Ingatkan bahwa pada rapat kerja Komite Kedelapan (11/5), Hidayat, yang juga anggota Komite Kedelapan, Kementerian Agama sepakat untuk mempertimbangkan kebijakan untuk melonggarkan pembatasan tempat ibadat, terutama ketika tidak termasuk dalam Area di dalamnya berada di area merah. Di daerah dalam zona merah, mereka juga sepakat untuk mempertahankan kepatuhan yang ketat dan penuh dengan aturan untuk menangani covid-19.

“Pada rapat kerja dengan Kementerian Agama, saya menyatakan keinginan banyak partai politik agar umat tidak perlu khawatir dan dapat didedikasikan” jika pemerintah telah memutuskan untuk menjadikan umat penting Keadilan dan relaksasi terkait dengan PSBB, bahkan termasuk pengaturan transportasi dan pengembalian, dan bahkan di Bandara Soetta, mereka bersikeras mengabaikan rencana perawatan Covid-19. Jika umat Islam yang tidak berada di Zona Merah bersantai, maka mereka secara alami akan bersantai dan berdoa di masjid. Dan menggunakan simbol Masjid Kebangkitan Adzan Tadarus, termasuk sholat Idul Fitri.

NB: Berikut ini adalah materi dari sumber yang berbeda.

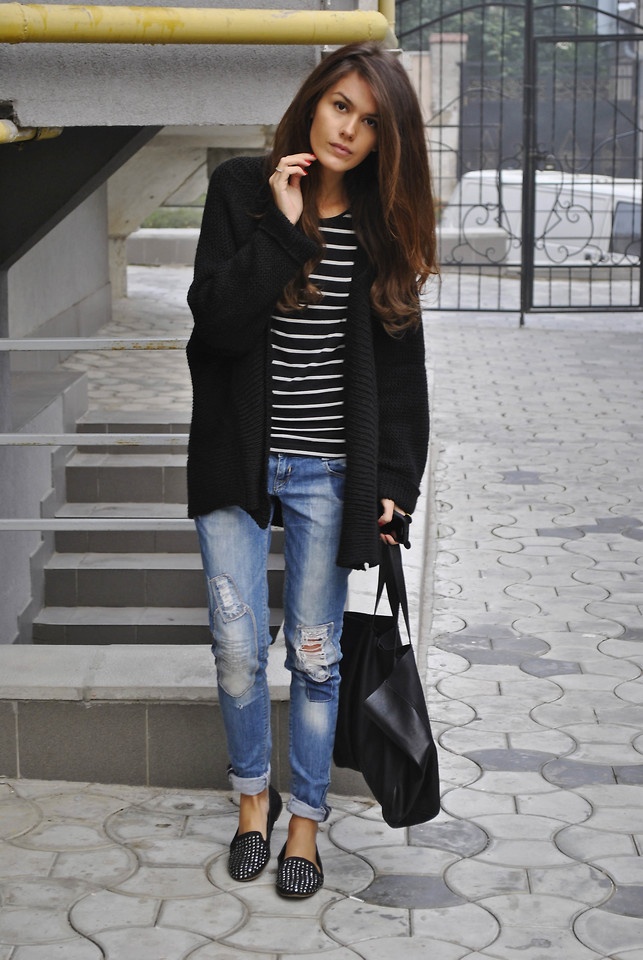 - Black. With black moccasins you can create a very bold image, for example, a black leather jacket and motorcyclist gloves are suitable for them. But if you are not ready for such an image, then black pants will suit you, but you should not wear a skirt or dress to such shoes, black moccasins look bad against the background of open legs.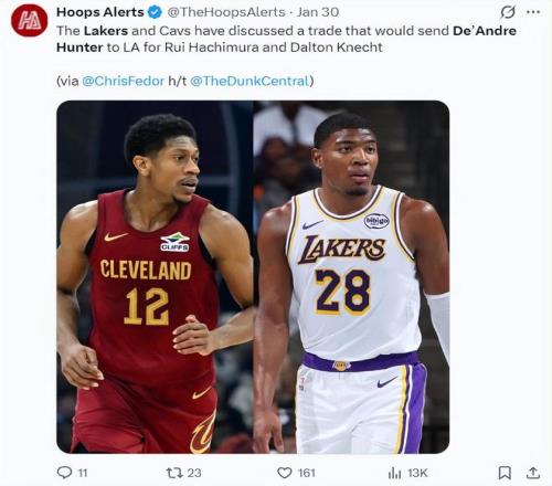 1月30日時,騎士隊記者克里斯-菲德爾就透露,騎士與湖人探索過關(guān)于亨特的交易,湖人希望用克內(nèi)克特、八村壘去換亨特。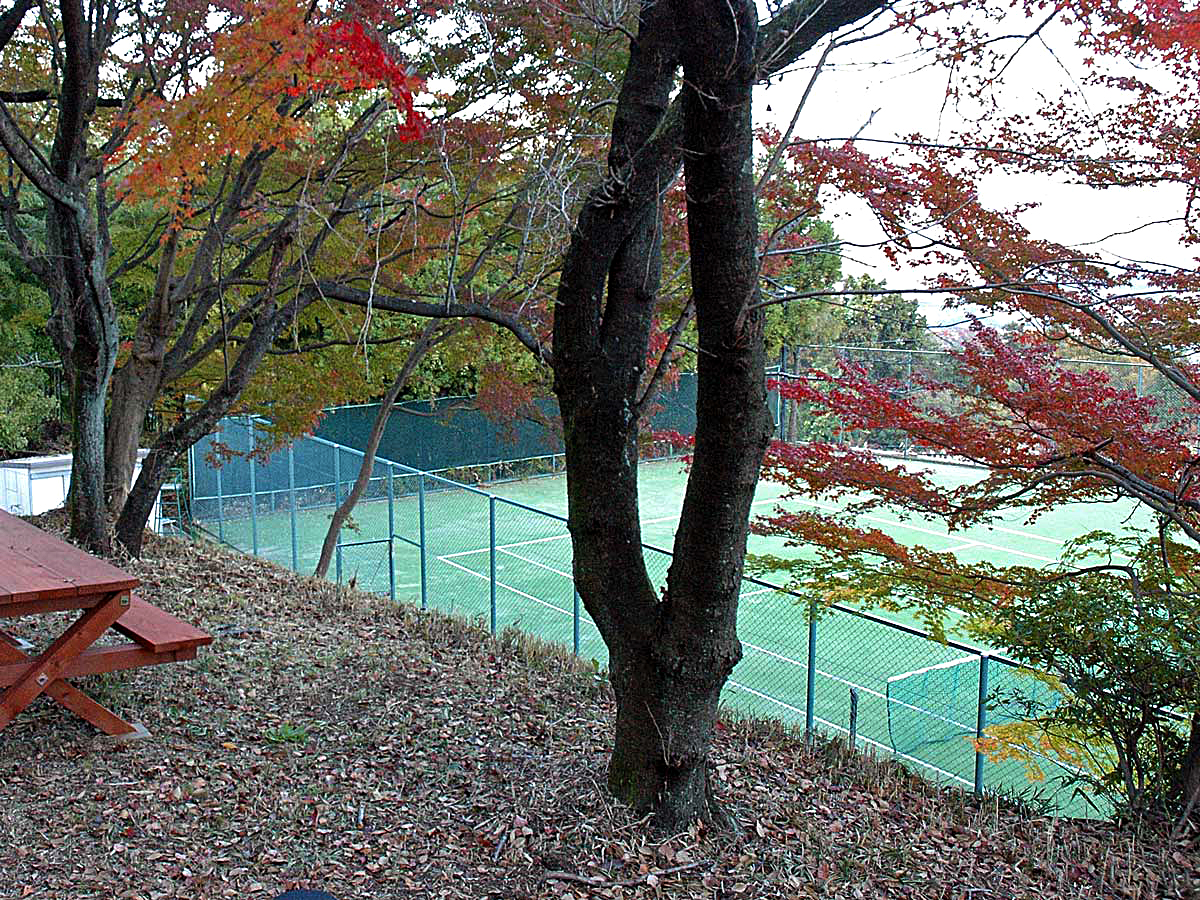 中庭を降りた駐車場に並んでテニスコートがあります。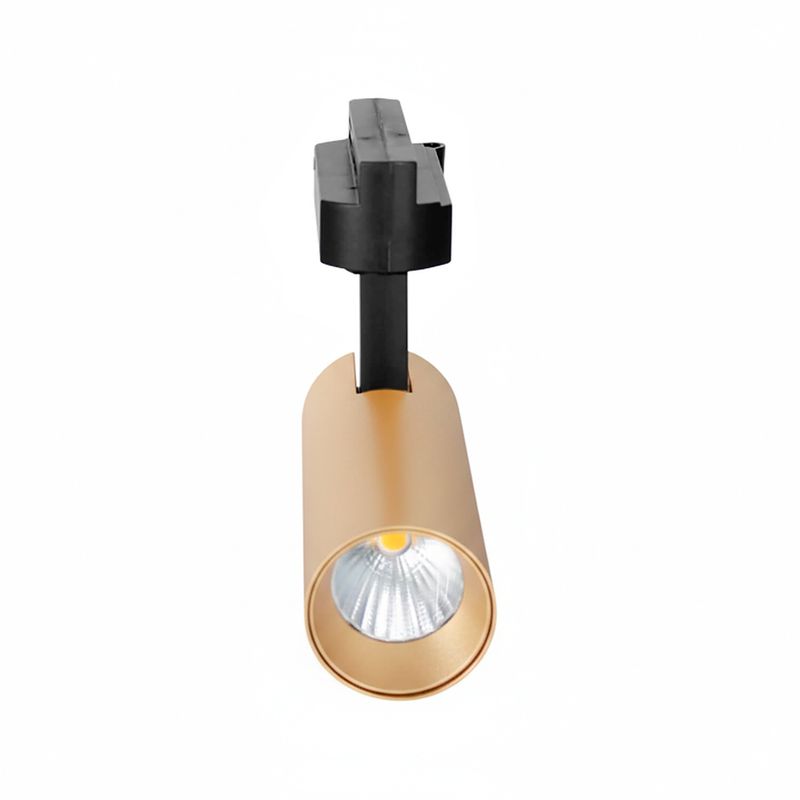 Foco riel monofásico tubular dirigible. Ideal para ser instalado en interiores como living, comedores, dormitorios, oficinas, etc. Disponible en color negro, blanco y dorado con luz cálida. Mide Ø4,5 diámetro x 12,5 ancho x 11 alto cm.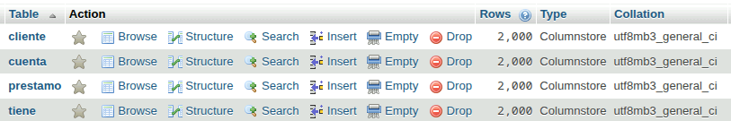 Entramos al phpMyAdmin. Como podemos observar en la interface Web, las tablas y BDs creadas son similares cuando estan orientadas a las filas y cuando lo estan a las columnas. Es decir visualmente se ven iguales. Sin embargo, podemos observar en las características de las tablas que fueron creadas orientadas a columnas, como vemos en la figura siguiente.

Khusus untuk orang-orang di ruang hijau, bahkan jika mereka masih mengelola Covid-19, Hidayat mengatakan dalam sebuah pernyataan tertulis ke Jakarta ( 16/5)

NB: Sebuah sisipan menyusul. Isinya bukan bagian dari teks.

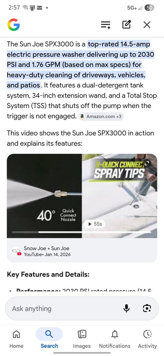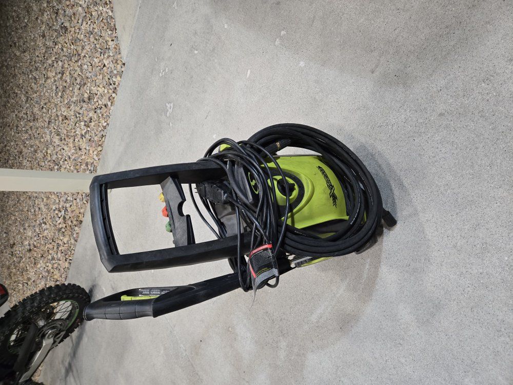 Venmo2000psi electric pressure washer. Have an extra hose for extended length. Comes with 4 nozzle attachments and a foam wash attachment.

Hidayat menjelaskan bahwa pembatasan santai pada tempat ibadah masih akan mematuhi aturan manipulasi Covid19. Misalnya, jumlah peziarah tidak meningkat, dan selalu ada jarak tertentu. Dia mengutip ibadah dengan gereja Covid-19 Dalam kasus Fatwa MUI terkait upacara, bagian itu mengatakan bahwa umat Islam tidak boleh mengadakan kebaktian gereja bagi banyak orang jika mereka tidak mengontrol kondisi penyebaran Covid-19 di wilayah tersebut. — Namun, MUI juga memerlukan distribusi di Covid-19. Sholat Jum’at di daerah yang dikontrol. Ini menunjukkan bahwa pembatasan kegiatan ibadah yang dilakukan di tempat ibadah menurut Fatwa MUI sangat tergantung pada keadaan daerah tersebut.
Hidayat menyatakan keprihatinannya karena Fat Wa MUI belum dipahami dengan baik dan lengkap. Oleh karena itu, di banyak tempat, bahkan di daerah merah, masjid ditutup, dan beberapa bahkan diblokir. Shalat Jumat, shalat Talawe dan kegiatan lainnya juga benar-benar melarang jamaah, sehingga Hal ini menyebabkan kegembiraan dan perselisihan di tingkat akar rumput. Tindakan untuk membawa keadilan dan perdamaian kepada orang-orang. Pada saat yang sama, menghilangkan rasa malu, seolah-olah Covid-19 terutama konspirasi terhadap umat Islam. Membiarkan itu hanya akan menyebabkan kecemasan dan stres, yang melemahkan Kekebalan, sehingga Umat rentan terhadap serangan oleh Covid-19. -Menurut persetujuan pertemuan kerja Komite Kedelapan, pembatasan tempat ibadah di ruang hijau santai dan juga berlaku untuk tempat ibadah di agama lain, sehingga keadilan dan ketenangan ada di antara kelompok agama lain Xidayat mengatakan: “” Uma tidak diizinkan untuk berpartisipasi dalam kebijakan relaksasi di berbagai kegiatan dan tempat, tetapi Uma selalu melarang ibadah di masjid karena akan menyebabkan kemarahan dan ketidakadilan. “- Sebelumnya, di pertama Pada rapat koordinasi Komite Kedelapan dan Kementerian Agama (11/5), Menteri Agama sepakat untuk mempertimbangkan pelonggaran tempat ibadah, terutama di kawasan hijau, karena pada 13 Mei, Camaruddin A, Direktur Jenderal Arah Pengembangan Komunitas Islam Kamarudin Amin membatalkan usulan Menteri Agama yang juga diterima oleh Wakil Menteri Agama sebagai Wakil Ketua Majelis Ulama Indonesia, bahkan rapat tersebut merupakan rapat kerja perwakilan komite di Zona Hijau dan Kamar Komite Kedelapan. Keputusan yang sesuai Ketentuan protokol vid-19. “Kesimpulannya adalah individu bernilai tinggi.